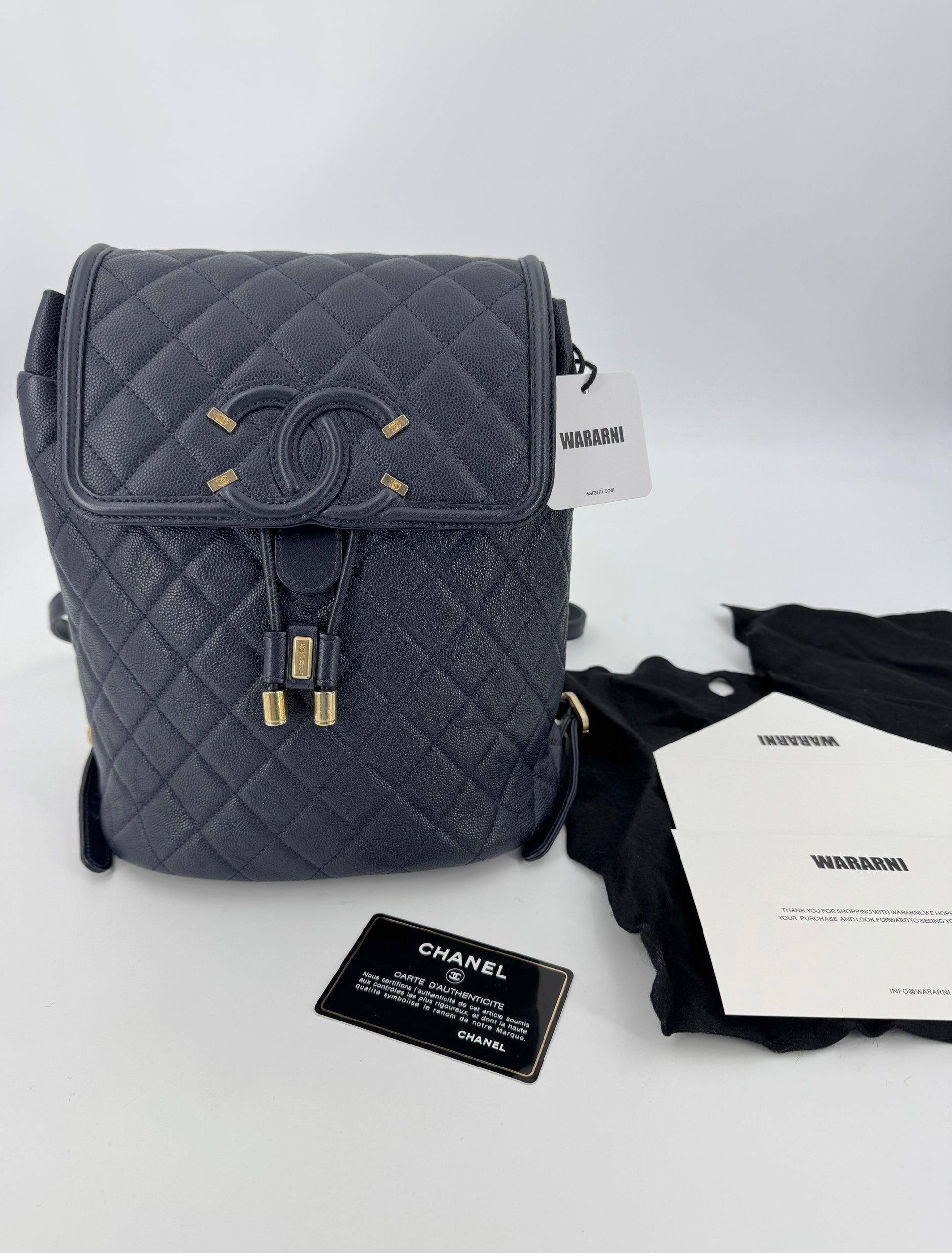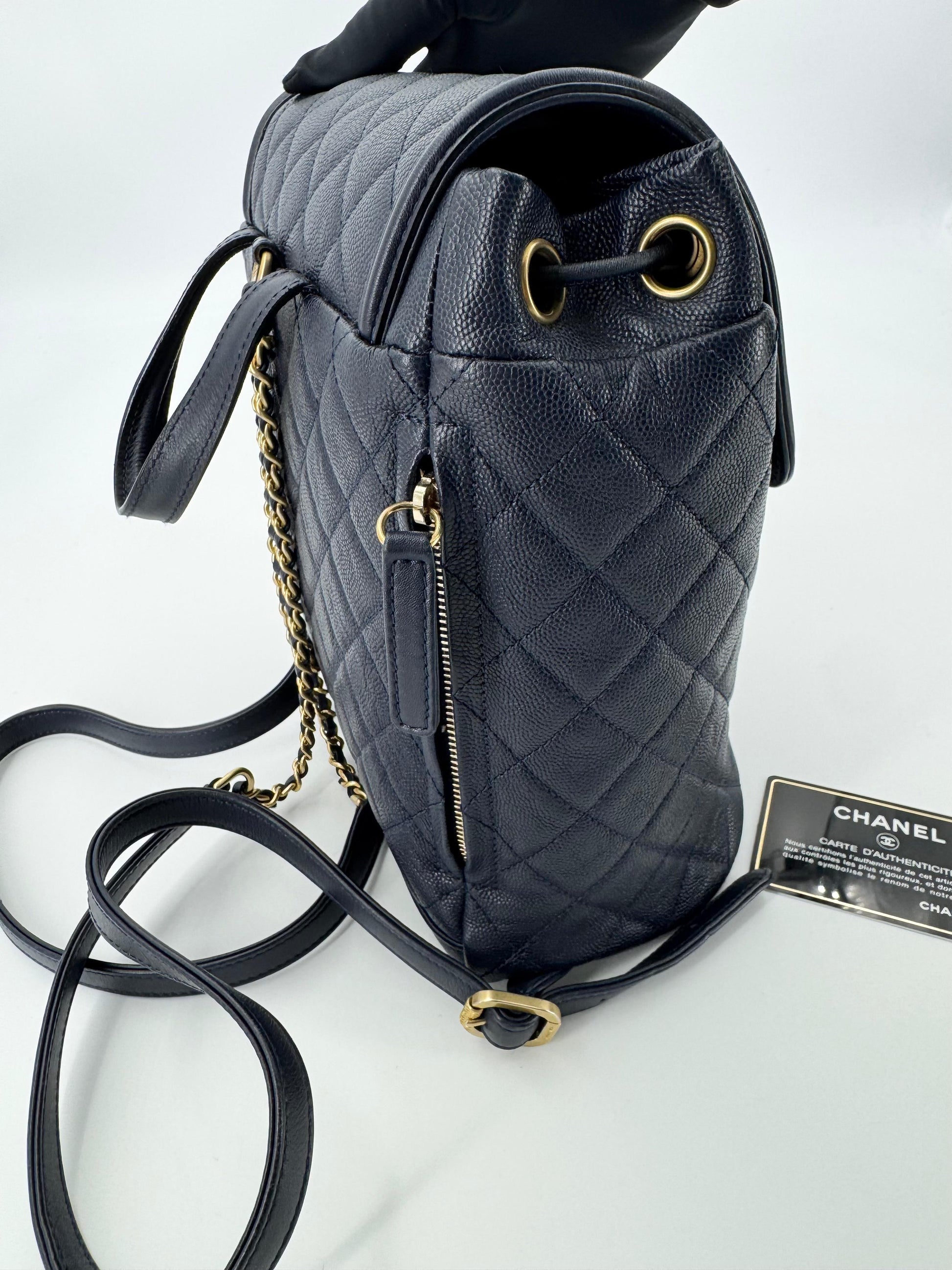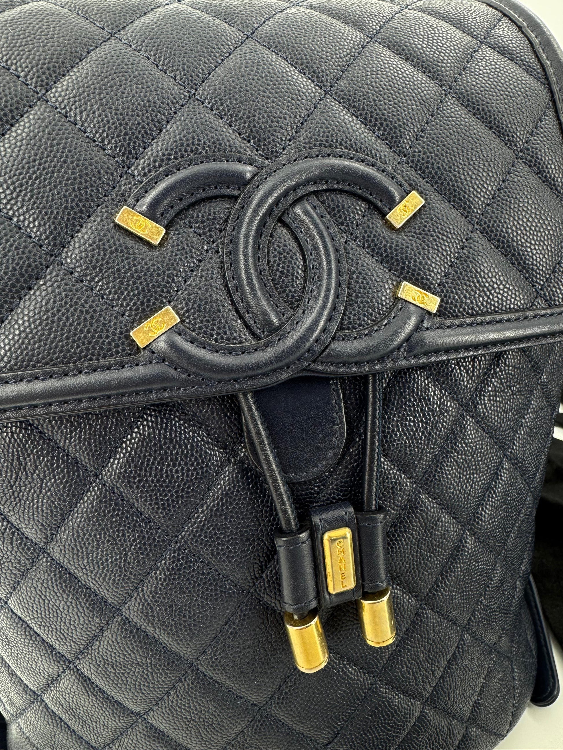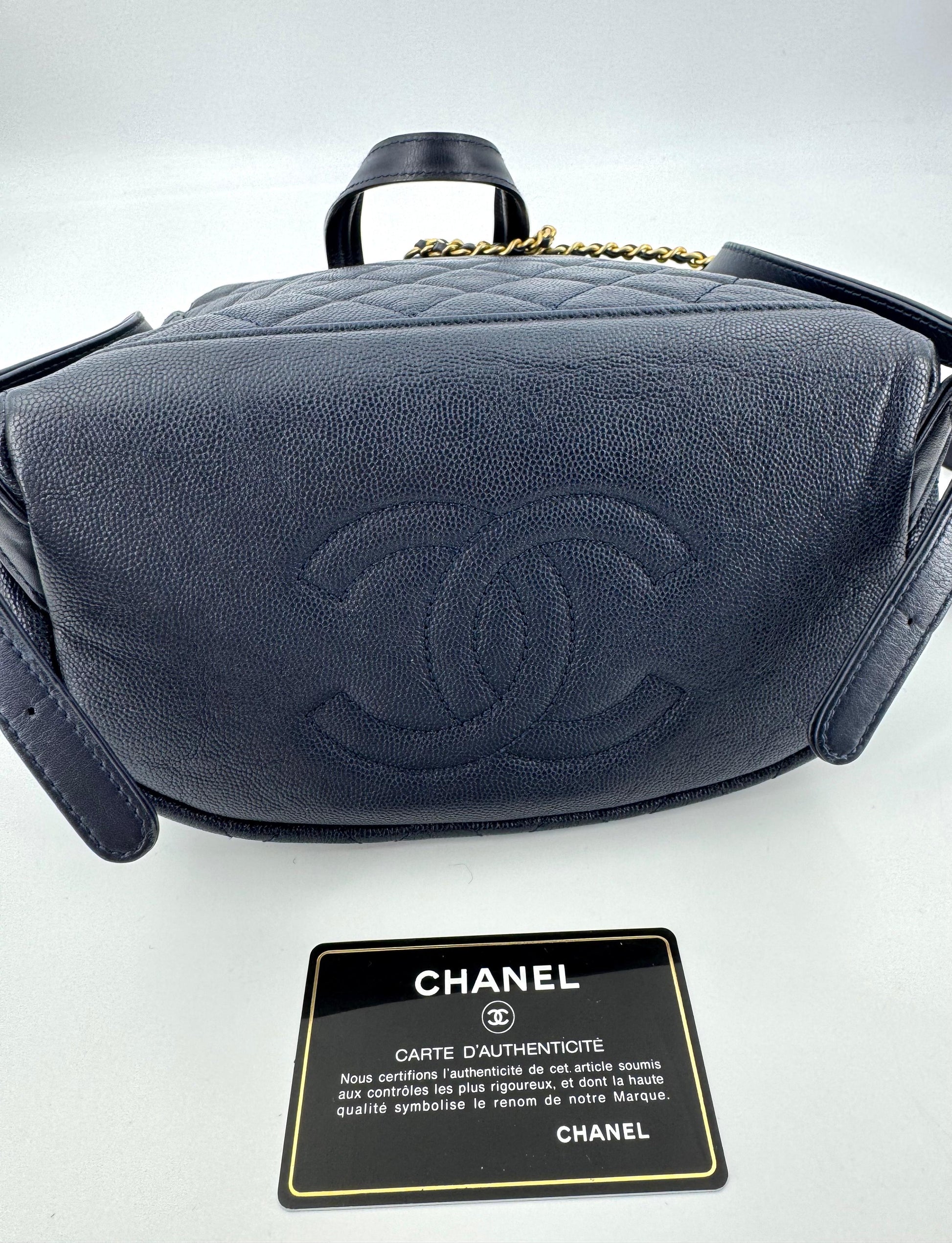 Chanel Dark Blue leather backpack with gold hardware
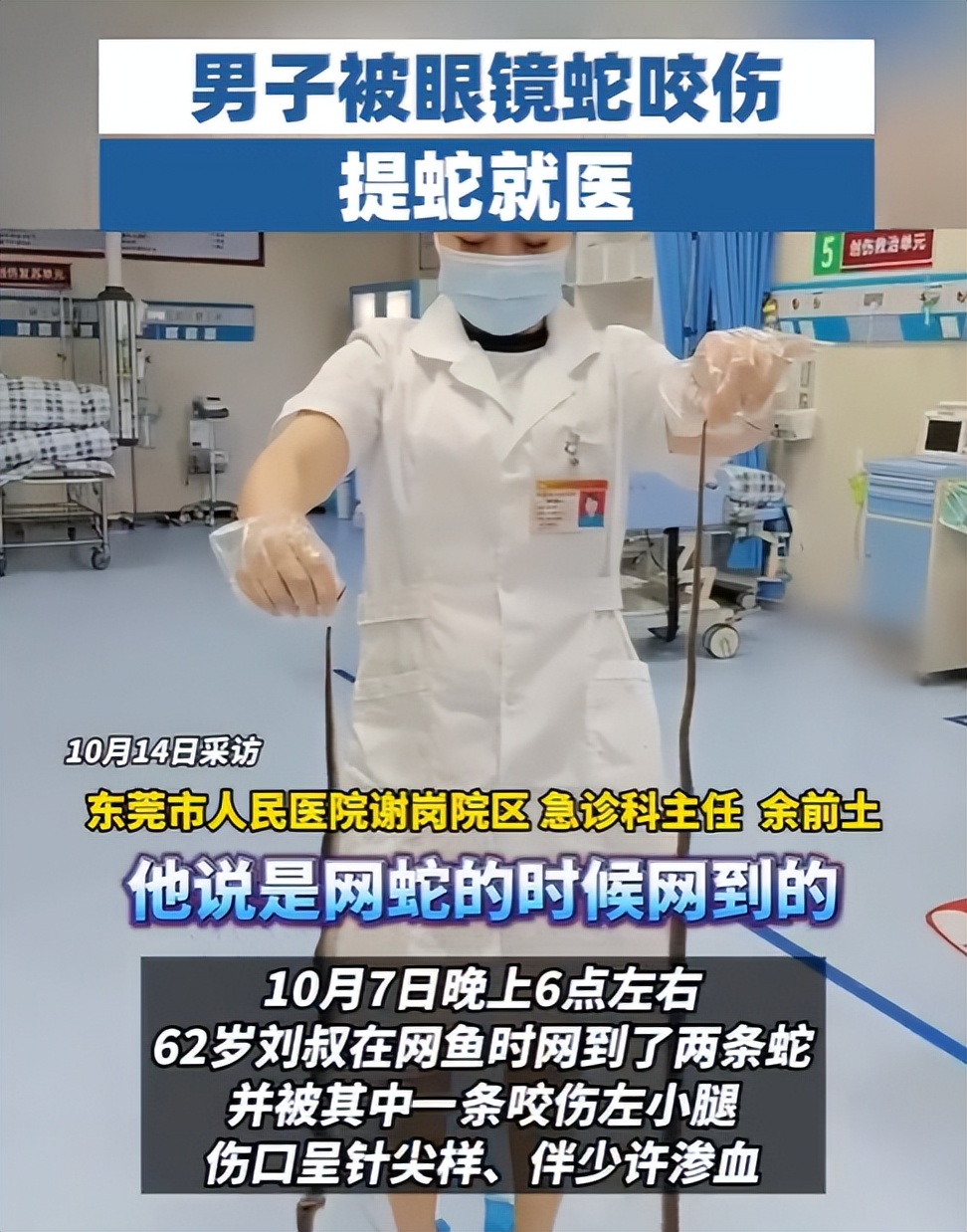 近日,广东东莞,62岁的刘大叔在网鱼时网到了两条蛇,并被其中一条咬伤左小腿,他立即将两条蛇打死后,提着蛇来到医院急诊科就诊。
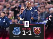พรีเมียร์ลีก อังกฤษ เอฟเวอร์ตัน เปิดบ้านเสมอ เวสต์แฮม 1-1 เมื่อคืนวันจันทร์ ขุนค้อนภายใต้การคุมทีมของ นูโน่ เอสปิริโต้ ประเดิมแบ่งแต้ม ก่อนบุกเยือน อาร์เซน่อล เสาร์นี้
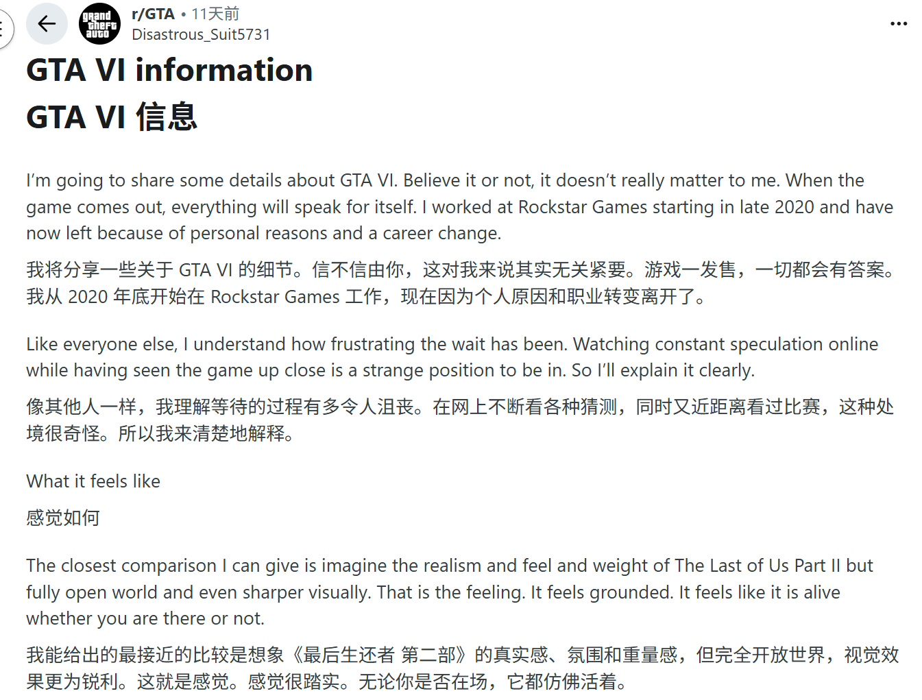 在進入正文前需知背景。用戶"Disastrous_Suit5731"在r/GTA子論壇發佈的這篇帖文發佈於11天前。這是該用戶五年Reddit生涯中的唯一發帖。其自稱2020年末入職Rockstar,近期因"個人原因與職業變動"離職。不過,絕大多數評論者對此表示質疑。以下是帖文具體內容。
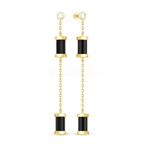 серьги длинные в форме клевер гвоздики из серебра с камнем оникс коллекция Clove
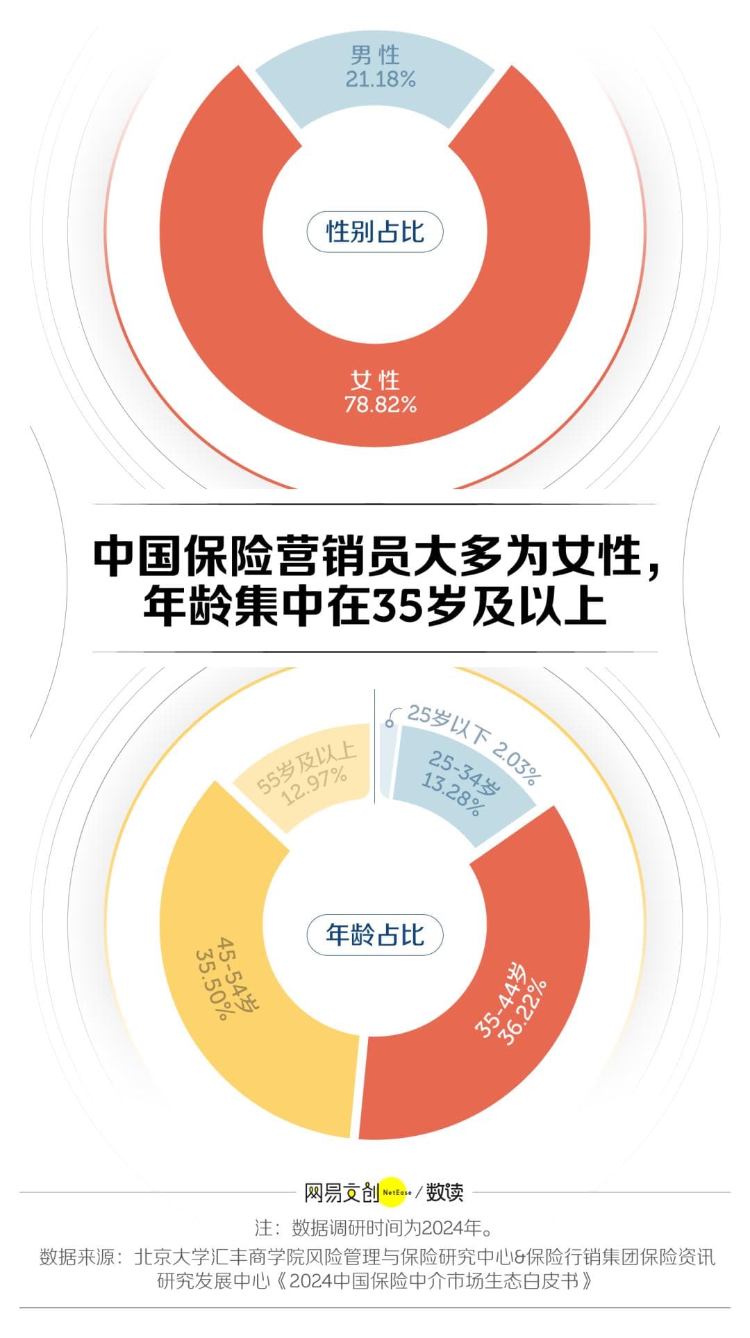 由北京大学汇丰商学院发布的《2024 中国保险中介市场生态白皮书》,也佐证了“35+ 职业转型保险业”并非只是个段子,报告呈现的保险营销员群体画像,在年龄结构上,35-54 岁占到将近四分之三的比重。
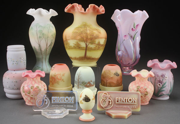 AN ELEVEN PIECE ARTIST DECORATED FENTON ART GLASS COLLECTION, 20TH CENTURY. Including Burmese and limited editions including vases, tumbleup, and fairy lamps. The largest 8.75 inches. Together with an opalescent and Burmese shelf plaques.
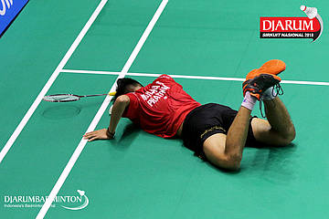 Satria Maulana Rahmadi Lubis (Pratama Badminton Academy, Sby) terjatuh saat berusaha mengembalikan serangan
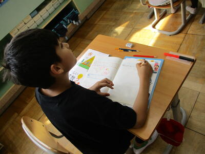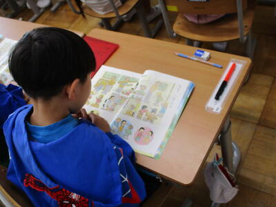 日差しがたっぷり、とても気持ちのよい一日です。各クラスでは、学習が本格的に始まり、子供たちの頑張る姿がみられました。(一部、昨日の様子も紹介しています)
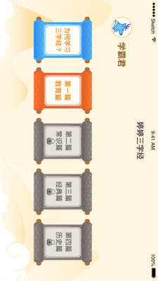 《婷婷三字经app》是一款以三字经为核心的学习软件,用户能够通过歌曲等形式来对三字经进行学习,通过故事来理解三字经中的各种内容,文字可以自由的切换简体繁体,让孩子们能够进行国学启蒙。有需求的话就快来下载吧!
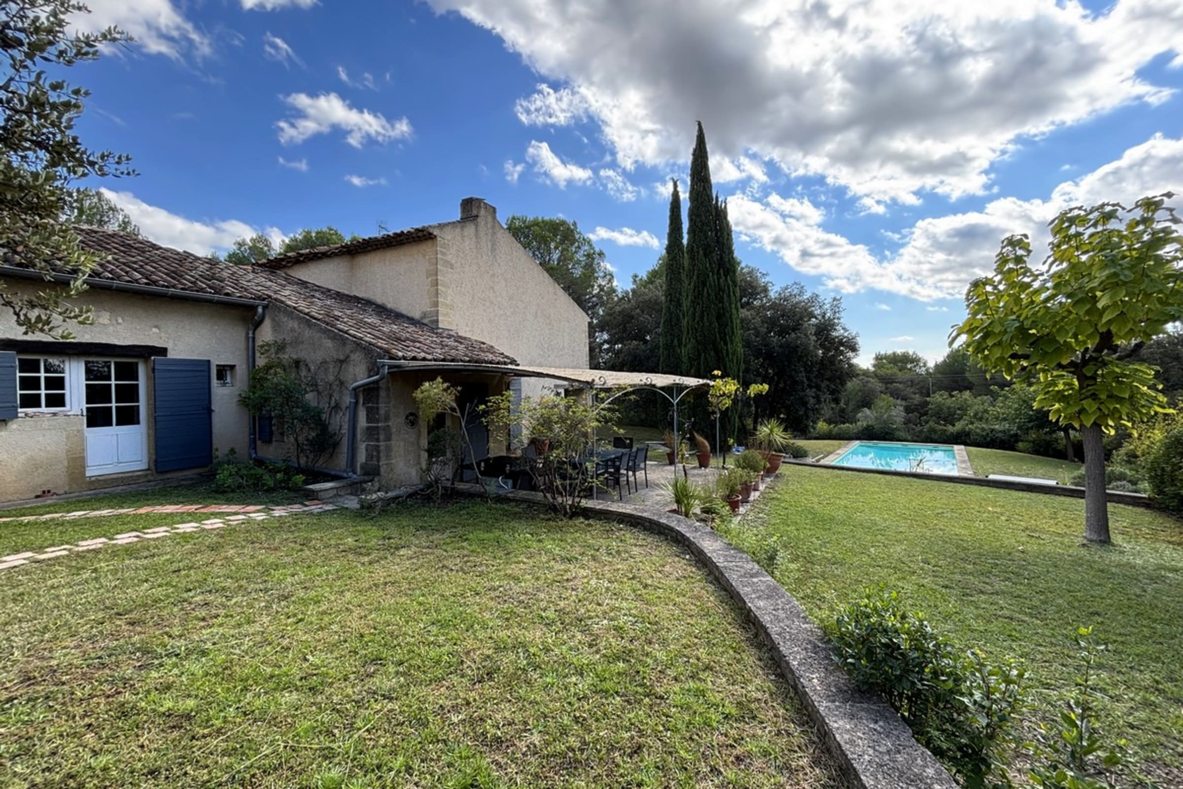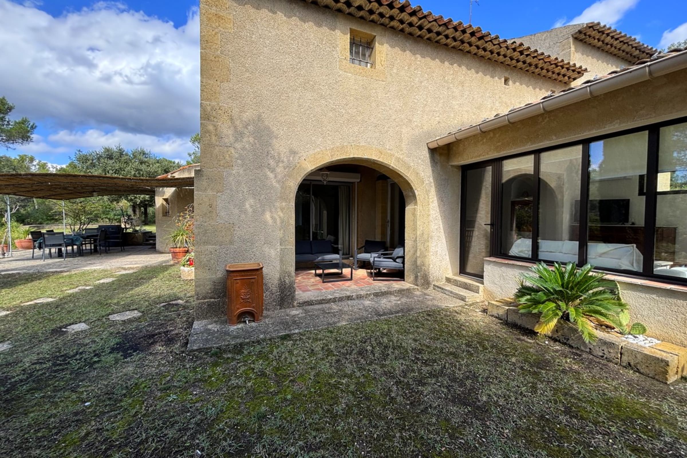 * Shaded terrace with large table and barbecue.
┄┄┄┄┄┄┄┄┄┄
▶ **INSTRUCTIONS TO FOLLOW**:
Word-for-word repeat, images excluded: return all the data.

▶ **RESULT OF THE EXERCISE**:
 Chanel Dark Blue leather backpack with gold hardware
 近日,广东东莞,62岁的刘大叔在网鱼时网到了两条蛇,并被其中一条咬伤左小腿,他立即将两条蛇打死后,提着蛇来到医院急诊科就诊。
พรีเมียร์ลีก อังกฤษ เอฟเวอร์ตัน เปิดบ้านเสมอ เวสต์แฮม 1-1 เมื่อคืนวันจันทร์ ขุนค้อนภายใต้การคุมทีมของ นูโน่ เอสปิริโต้ ประเดิมแบ่งแต้ม ก่อนบุกเยือน อาร์เซน่อล เสาร์นี้
 在進入正文前需知背景。用戶"Disastrous_Suit5731"在r/GTA子論壇發佈的這篇帖文發佈於11天前。這是該用戶五年Reddit生涯中的唯一發帖。其自稱2020年末入職Rockstar,近期因"個人原因與職業變動"離職。不過,絕大多數評論者對此表示質疑。以下是帖文具體內容。
 серьги длинные в форме клевер гвоздики из серебра с камнем оникс коллекция Clove
 由北京大学汇丰商学院发布的《2024 中国保险中介市场生态白皮书》,也佐证了“35+ 职业转型保险业”并非只是个段子,报告呈现的保险营销员群体画像,在年龄结构上,35-54 岁占到将近四分之三的比重。
 AN ELEVEN PIECE ARTIST DECORATED FENTON ART GLASS COLLECTION, 20TH CENTURY. Including Burmese and limited editions including vases, tumbleup, and fairy lamps. The largest 8.75 inches. Together with an opalescent and Burmese shelf plaques.
 Satria Maulana Rahmadi Lubis (Pratama Badminton Academy, Sby) terjatuh saat berusaha mengembalikan serangan
 日差しがたっぷり、とても気持ちのよい一日です。各クラスでは、学習が本格的に始まり、子供たちの頑張る姿がみられました。(一部、昨日の様子も紹介しています)
 《婷婷三字经app》是一款以三字经为核心的学习软件,用户能够通过歌曲等形式来对三字经进行学习,通过故事来理解三字经中的各种内容,文字可以自由的切换简体繁体,让孩子们能够进行国学启蒙。有需求的话就快来下载吧!
 * Shaded terrace with large table and barbecue.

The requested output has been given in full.